# ASSIGNMENT
Your task is to retype, exactly and only, the lines from the one containing "- 即決★HARLEY DAVIDSON★W34" to the final line of the entries, leaving out all pictures.

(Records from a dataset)
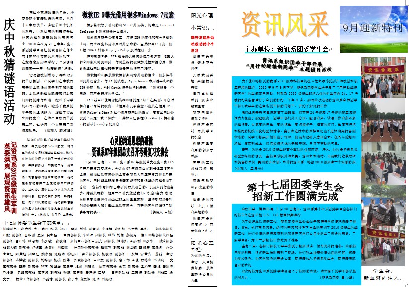 《资讯风采》月报是在资讯系党政领导的指导下,由资讯系团委学生会主办、系新闻中心和信息网络部承办的一份系内宣传月报,每月发行一次,并发放至资讯系各个班级。报纸以宣传我系举办的各项重要活动为主体,附之一些小文章、生活小常识、信息网络知识等等来突出资讯系的独特风采。使同学们能够更加直观、清楚的了解过去的一个月中本系的各项动态,及时而高效的获取必要的信息,同时丰富同学们的课余文化生活,为同学们了解我系各项活动及生活、科技等方面的知识提供崭新的平台。(供稿人 王晨光 杨莎)
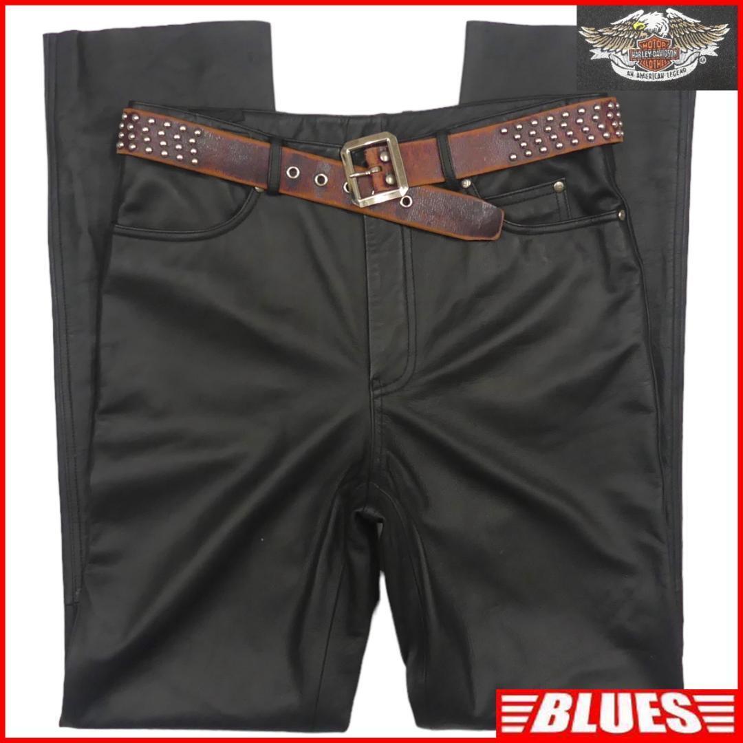 - 即決★HARLEY DAVIDSON★W34 レザーパンツ ハーレーダビッドソン メンズ 黒 本革 ライダースパンツ 皮 パンクロック ツーリング
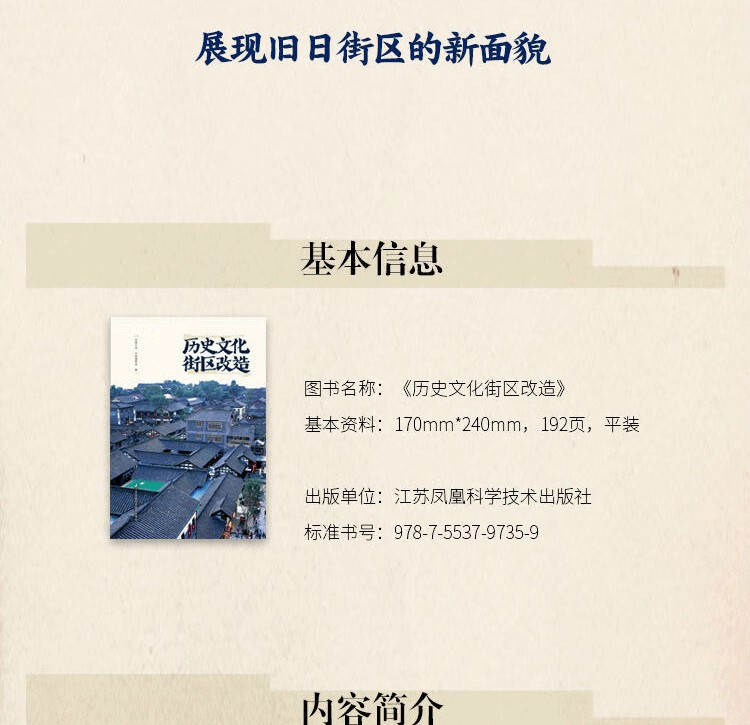 本書以古民居作為闡述對象,從古民居改造的角度進行理論性的探討和實踐性的嘗試。全書共三章,主要從兩大部分來闡釋古民居改造,一是關於古民居的基本知識,包括古民居的相關概念、保護思想和改造原則等,還簡要記錄了國內不同地區的古民居之特徵,讓讀者對古民居有大致系統性的認識;二是關於古民居改造實例的解析,選擇了七大古老民宅的改造故事,講述了它們的前世今生,致力於挖掘建築本身的歷史淵源和舊記憶,並結合實際可行的圖紙,通過各種保護修復與改造的措施,把它們轉變成酒店、會所、民宿等有價值的再利用空間,將舊時光復刻在人們眼前。改造實例中還附有大量的精美實景圖,也有各種施工細部的詳細講解,能給予讀者帶來啟發性的思考。
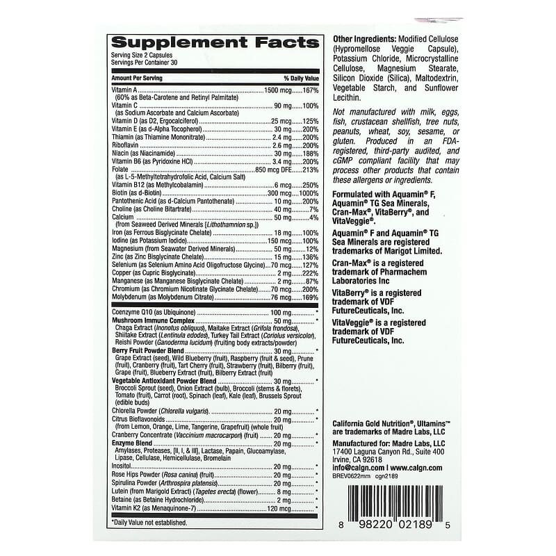 California Gold Nutrition Ultamins Women’s Multivitamin bao gồm:
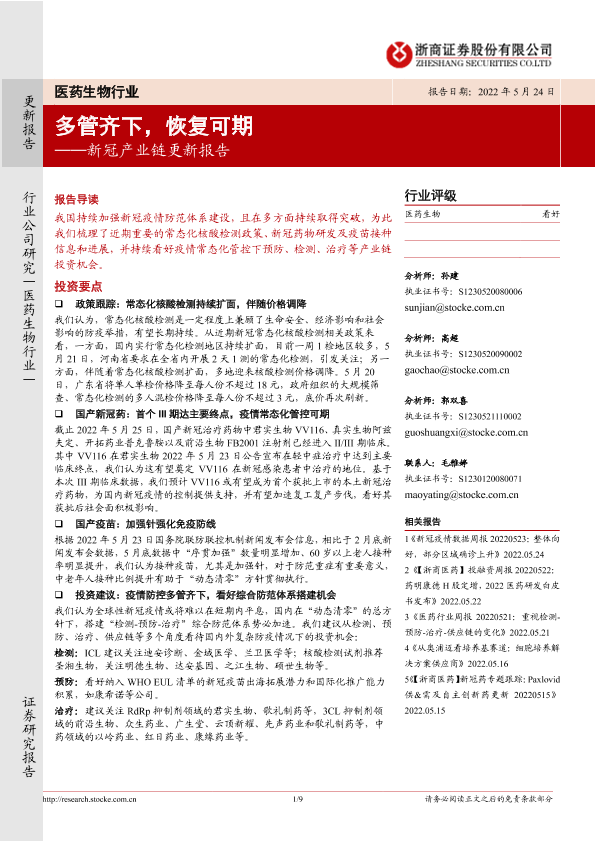 【浙商证券】【20220524】医药生物行业新冠产业链更新报告:多管齐下,恢复可期-9页

# EXERCISE SOLUTION
 - 即決★HARLEY DAVIDSON★W34 レザーパンツ ハーレーダビッドソン メンズ 黒 本革 ライダースパンツ 皮 パンクロック ツーリング
 本書以古民居作為闡述對象,從古民居改造的角度進行理論性的探討和實踐性的嘗試。全書共三章,主要從兩大部分來闡釋古民居改造,一是關於古民居的基本知識,包括古民居的相關概念、保護思想和改造原則等,還簡要記錄了國內不同地區的古民居之特徵,讓讀者對古民居有大致系統性的認識;二是關於古民居改造實例的解析,選擇了七大古老民宅的改造故事,講述了它們的前世今生,致力於挖掘建築本身的歷史淵源和舊記憶,並結合實際可行的圖紙,通過各種保護修復與改造的措施,把它們轉變成酒店、會所、民宿等有價值的再利用空間,將舊時光復刻在人們眼前。改造實例中還附有大量的精美實景圖,也有各種施工細部的詳細講解,能給予讀者帶來啟發性的思考。
 California Gold Nutrition Ultamins Women’s Multivitamin bao gồm:
 【浙商证券】【20220524】医药生物行业新冠产业链更新报告:多管齐下,恢复可期-9页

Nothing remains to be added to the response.